◆ Exercise prompt ◆
Down to the last line, set down the listing below exactly, apart from its pictures.

Available data START

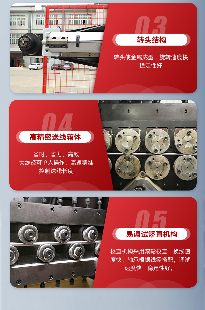 產(chǎn)品特點(diǎn):適用于生產(chǎn)汽車零部件、汽車門鎖拉桿、工藝品金屬線、廚具餐具支架、倉(cāng)儲(chǔ)籠、超市貨架、手推車等線材成型產(chǎn)品;轉(zhuǎn)頭與送線完全分離,真正可實(shí)現(xiàn)轉(zhuǎn)頭時(shí)不轉(zhuǎn)線,確保送線靈活而且穩(wěn)定性高。
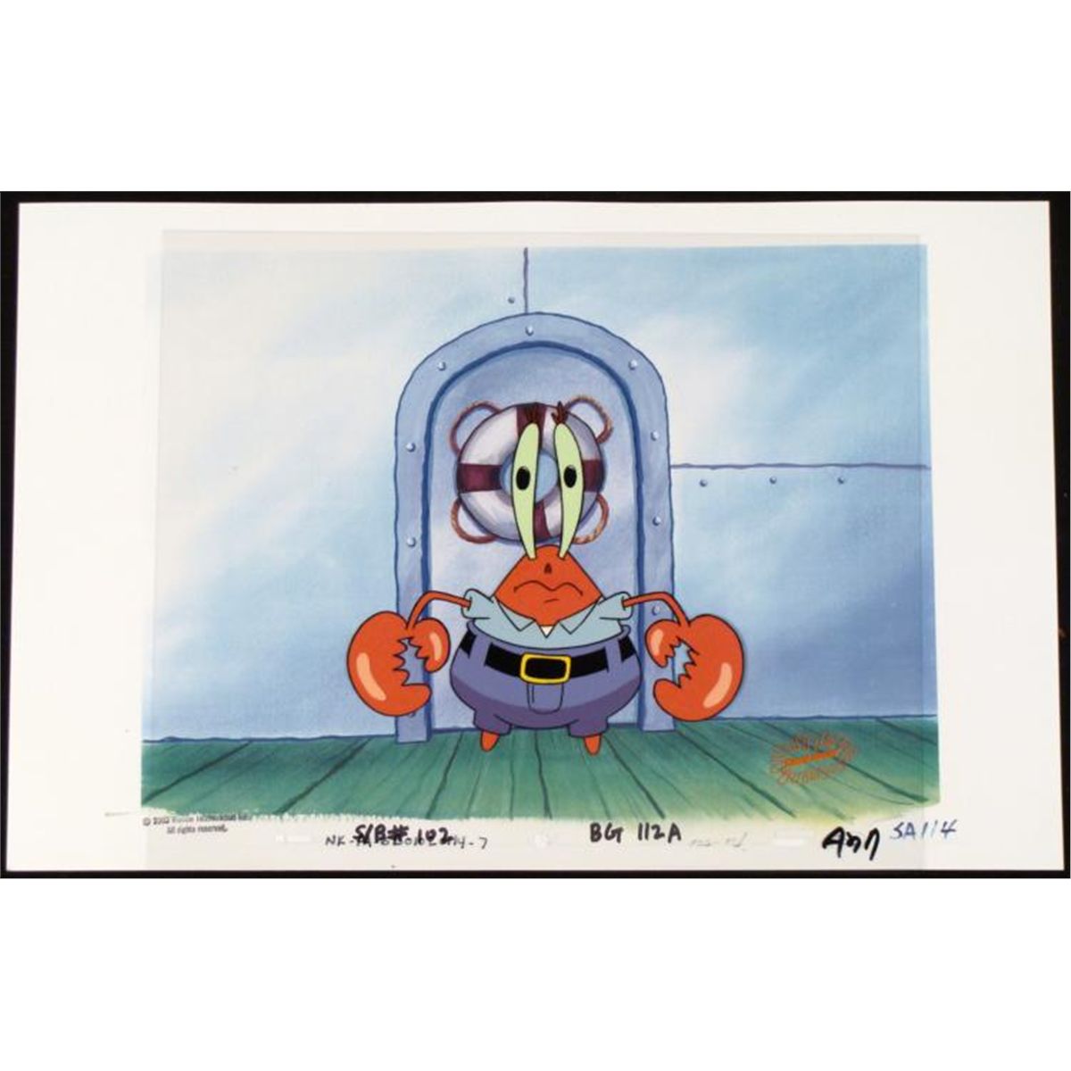 Normal 0 false false false MicrosoftInternetExplorer4 /* Style Definitions */ table.MsoNormalTable{mso-style-name:"Table Normal";mso-tstyle-rowband-size:0;mso-tstyle-colband-size:0;mso-style-noshow:yes;mso-style-parent:"";mso-padding-alt:0in 5.4pt 0in 5.4pt;mso-para-margin:0in;mso-para-margin-bottom:.0001pt;mso-pagination:widow-orphan;font-size:10.0pt;font-family:"Times New Roman";mso-ansi-language:#0400;mso-fareast-language:#0400;mso-bidi-language:#0400;}This animation cel and reproduction background are from the NickelodeonTV show SpongeBob Squarepants. The story takes place under the deepblue sea in Bikini Bottom, where SpongeBob resides. SpongeBob, who is ayellow, porous sponge, is your typical happy-go-lucky character, as he isalways cheerful and enjoys making people laugh. Patrick Star, SpongeBob'sneighbor who is a starfish, is your average children's show idiot, as he boastsknowing nothing and is often getting himself into ridiculous situations.Between the homes of these two lies the home of the miserable Squidward, asquid, who is known for being grouchy and playing tricks on SpongeBob andPatrick. Both SpongeBob and Squidward work at the Krusty Krab, a fast foodbusiness run by the greedy money-loving Mr. Krabs, a crab, the arch rival ofthe evil, possibly misunderstood, Plankton. Another neighbor, Sandy Cheeks, anathletic squirrel who normally wears an astronaut's space suit, was introducedin "Tea at the Treedome." She spends most of her time inventing andexperimenting. * Mr. Krabs appears to have an anxious look on his face. * * Original Printed Background and Animated Cel Overall Size of Background: 11" x 17" Overall Size of the Cel: 10 1/2" x 12 1/2" Excellent condition This is an original hand-painted cel set-up used in the productionof an episode of "SpongeBob SquarePants", titled Squeaky Boots. Each one-of-a-kind set-uprepresents a slight change in position of the characters. When individuallyphotographed and projected in rapid succession, the images appear to move. * To create production cels, the original animator's drawing is transferred ontoan acetate cel (by hand-inking and/or photo copying). The cel is thenhand-painted on the reverse side. The background accompanying this set-upis a reproduction background. * The printed background and cel are ready to be mattedand framed. The notations are located at the bottom of both. The Nickelodeon logo is located at the bottom right of the cel. * *
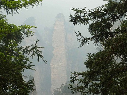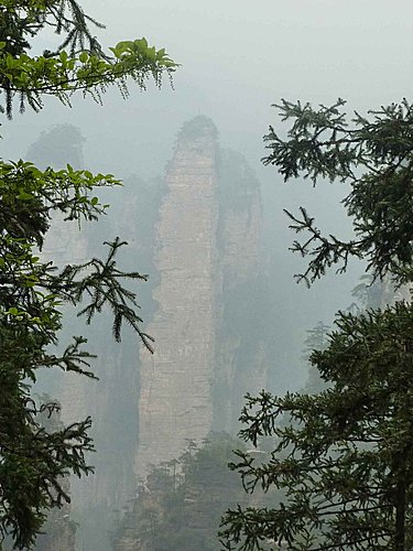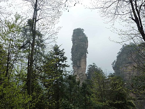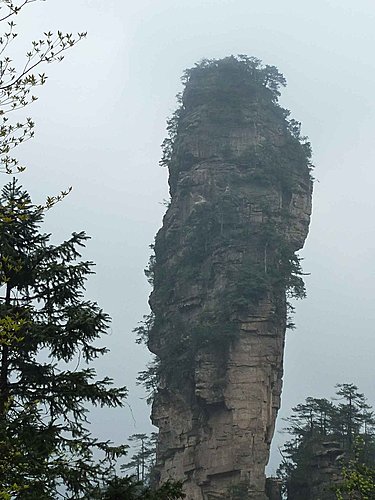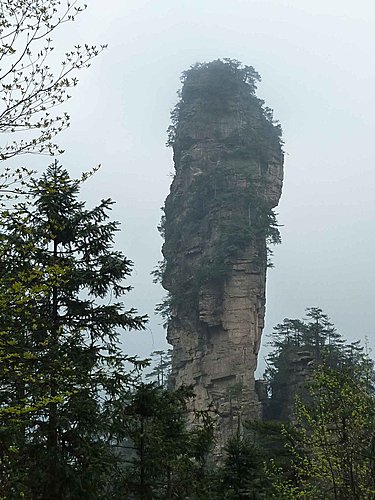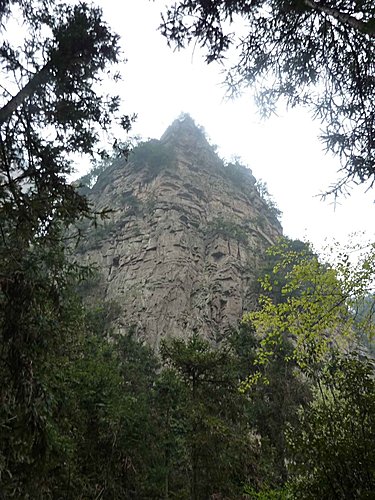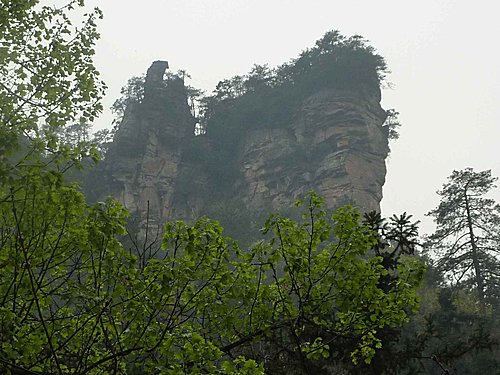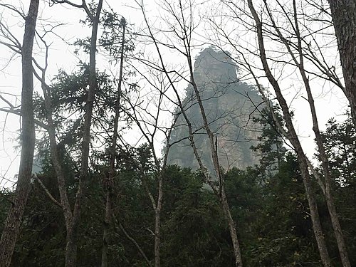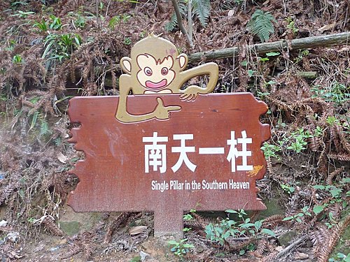 南天一柱高200多米的孤立石峰。它與一般的山峰大不相同,一般的山峰是下面粗、上面細,而它是上面粗、下面細,山風吹來,這根石柱好像搖搖欲墜,驚心動魄之餘,仿佛耳邊還能隱隱約約聽到億萬年膠地殼運動時發出的轟隆隆的巨響...

Available data END

◆ Written answer ◆
 產(chǎn)品特點(diǎn):適用于生產(chǎn)汽車零部件、汽車門鎖拉桿、工藝品金屬線、廚具餐具支架、倉(cāng)儲(chǔ)籠、超市貨架、手推車等線材成型產(chǎn)品;轉(zhuǎn)頭與送線完全分離,真正可實(shí)現(xiàn)轉(zhuǎn)頭時(shí)不轉(zhuǎn)線,確保送線靈活而且穩(wěn)定性高。
 Normal 0 false false false MicrosoftInternetExplorer4 /* Style Definitions */ table.MsoNormalTable{mso-style-name:"Table Normal";mso-tstyle-rowband-size:0;mso-tstyle-colband-size:0;mso-style-noshow:yes;mso-style-parent:"";mso-padding-alt:0in 5.4pt 0in 5.4pt;mso-para-margin:0in;mso-para-margin-bottom:.0001pt;mso-pagination:widow-orphan;font-size:10.0pt;font-family:"Times New Roman";mso-ansi-language:#0400;mso-fareast-language:#0400;mso-bidi-language:#0400;}This animation cel and reproduction background are from the NickelodeonTV show SpongeBob Squarepants. The story takes place under the deepblue sea in Bikini Bottom, where SpongeBob resides. SpongeBob, who is ayellow, porous sponge, is your typical happy-go-lucky character, as he isalways cheerful and enjoys making people laugh. Patrick Star, SpongeBob'sneighbor who is a starfish, is your average children's show idiot, as he boastsknowing nothing and is often getting himself into ridiculous situations.Between the homes of these two lies the home of the miserable Squidward, asquid, who is known for being grouchy and playing tricks on SpongeBob andPatrick. Both SpongeBob and Squidward work at the Krusty Krab, a fast foodbusiness run by the greedy money-loving Mr. Krabs, a crab, the arch rival ofthe evil, possibly misunderstood, Plankton. Another neighbor, Sandy Cheeks, anathletic squirrel who normally wears an astronaut's space suit, was introducedin "Tea at the Treedome." She spends most of her time inventing andexperimenting. * Mr. Krabs appears to have an anxious look on his face. * * Original Printed Background and Animated Cel Overall Size of Background: 11" x 17" Overall Size of the Cel: 10 1/2" x 12 1/2" Excellent condition This is an original hand-painted cel set-up used in the productionof an episode of "SpongeBob SquarePants", titled Squeaky Boots. Each one-of-a-kind set-uprepresents a slight change in position of the characters. When individuallyphotographed and projected in rapid succession, the images appear to move. * To create production cels, the original animator's drawing is transferred ontoan acetate cel (by hand-inking and/or photo copying). The cel is thenhand-painted on the reverse side. The background accompanying this set-upis a reproduction background. * The printed background and cel are ready to be mattedand framed. The notations are located at the bottom of both. The Nickelodeon logo is located at the bottom right of the cel. * *
 南天一柱高200多米的孤立石峰。它與一般的山峰大不相同,一般的山峰是下面粗、上面細,而它是上面粗、下面細,山風吹來,這根石柱好像搖搖欲墜,驚心動魄之餘,仿佛耳邊還能隱隱約約聽到億萬年膠地殼運動時發出的轟隆隆的巨響...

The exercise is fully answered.